Cette langue française qu’on assassine
par Henry Moreigne
mardi 14 mai 2013
Parler du destin de la langue française c'est aborder la question de la mondialisation et de la forme qu'on souhaite lui donner. Las, la globalisation ce n'est pas seulement un enrichissement partagé de la planète. C'est aussi un rouleau compresseur qui écrase les cultures pour n'en asseoir qu'une, consumériste et individualiste.
Une seule langue, un seul mode de vie est-ce souhaitable alors que l'on sait que le mode de développement dominant est incompatible avec les ressources de la planète et que l'avenir de la biosphère passe par la préservation de la biodiversité ?
A quoi peut servir le concept "d'exception culturelle française" si la défense du français est considérée par les élites comme accessoire et dépassée ? Oui, une langue c'est l'âme d'un peuple, de son identité, de son histoire, de sa culture. A ce titre, la disposition du projet de loi sur l'enseignement supérieur présenté par la ministre Geneviève Fioraso est révélatrice de l'abandon en rase campagne de la défense de notre langue par nos dirigeants.
L'article 2 du texte incriminé prévoit ainsi d'élargir la possibilité donnée aux universités françaises d'assurer des enseignements dans une langue étrangère, en anglais notamment. Un petit rien qui cumulé à des reculades tous azimuts condamne notre langue à être celle des derniers des Mohicans. Alors oui, l'Académie française est dans son rôle quand elle dénonce "les dangers d'une mesure qui favorise la marginalisation de notre langue". Oui, le philosophe Michel Serres a raison de dénoncer un abandon de souveraineté linguistique face à l'impérialisme anglo-américain.
A force de couper un par un les fils qui composent la toile d'araignée, un coup de ciseau faussement anodin provoquera l'effondrement total. Les dispositions du projet de loi Fioraso ne seraient pas critiquables si l'Etat et ses représentants avaient une attitude offensive et défendaient courageusement le français et la culture française.

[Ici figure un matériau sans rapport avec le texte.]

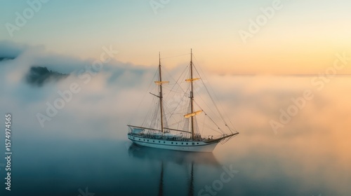 Sailboat Emerging from Misty Waters at Sunrise with Golden Hues and Reflections

C'est tout le contraire. Le service public audiovisuel véhicule à longueur de journée une sous-culture américaine qui façonne les aspirations et les comportements de notre jeunesse.

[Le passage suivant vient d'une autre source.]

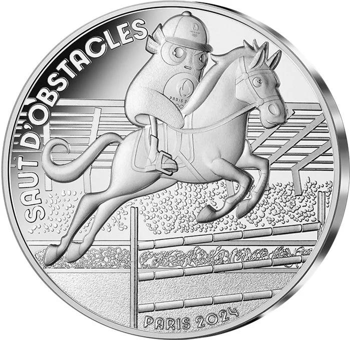 "10 EURO" flanked by laurel and oak branches, encircled by "RÉPUBLIQUE FRANÇAISE," three hexagons, and the issue year.

Alors qu'aux lendemains de la seconde guerre mondiale la langue française était consacrée comme l'une des langues officielles des instances internationales, plus personne ne veille au respect de cet acquis. L'Union Européenne en est un bel exemple puisqu'insidieusement et de façon informelle, l'anglais en est devenu la langue officielle, parlée et écrite, au détriment du français et de l'allemand.
" Prenez garde ! Je vais parler en français" prévenait avec un accent délicieux Winston Churchill en 1949 à Strasbourg dans un discours prononcé à l'occasion de la création du Conseil de l'Europe. Francophile assumé, le vieux lion avait adressé aux Français, le 21 octobre 1940, quelques mois après la signature de l'armistice un remarquable discours les exhortant à la résistance. Un discours prononcé en français, en témoignage de son respect pour une culture qu'il appréciait (cf vidéo ci-dessous).
"Français ! Armez vos cœurs à neuf avant qu'il ne soit trop tard ! Jamais je ne croirai que l'âme de la France soit morte, que sa place parmi les grandes nations du monde puisse être à jamais perdue" déclarait alors le chef du gouvernement Britannique.
Claude Hagège, à sa façon, lui répond dans les colonnes du Monde. "On se demande, pourtant, d'où peut bien venir, en France, cet acharnement contre la langue française. De la monarchie à la République, surtout aux heures les plus tragiques de cette dernière, tout illustre ce dicton : "C'est par sa langue que vit une nation" écrit notamment ce professeur au Collège de France.
Il est grand temps d'entrer en résistance. Là où croît le péril croît aussi ce qui sauve. La vive réaction d'une quarantaine de parlementaire PS emmenés par Pouria Amirshahi, député des français de l'étranger met du baume au coeur aux amoureux de notre langue et de la francophonie. On ne manquera pas à cet égard de lire sa très belle tribune reprise dans Marianne.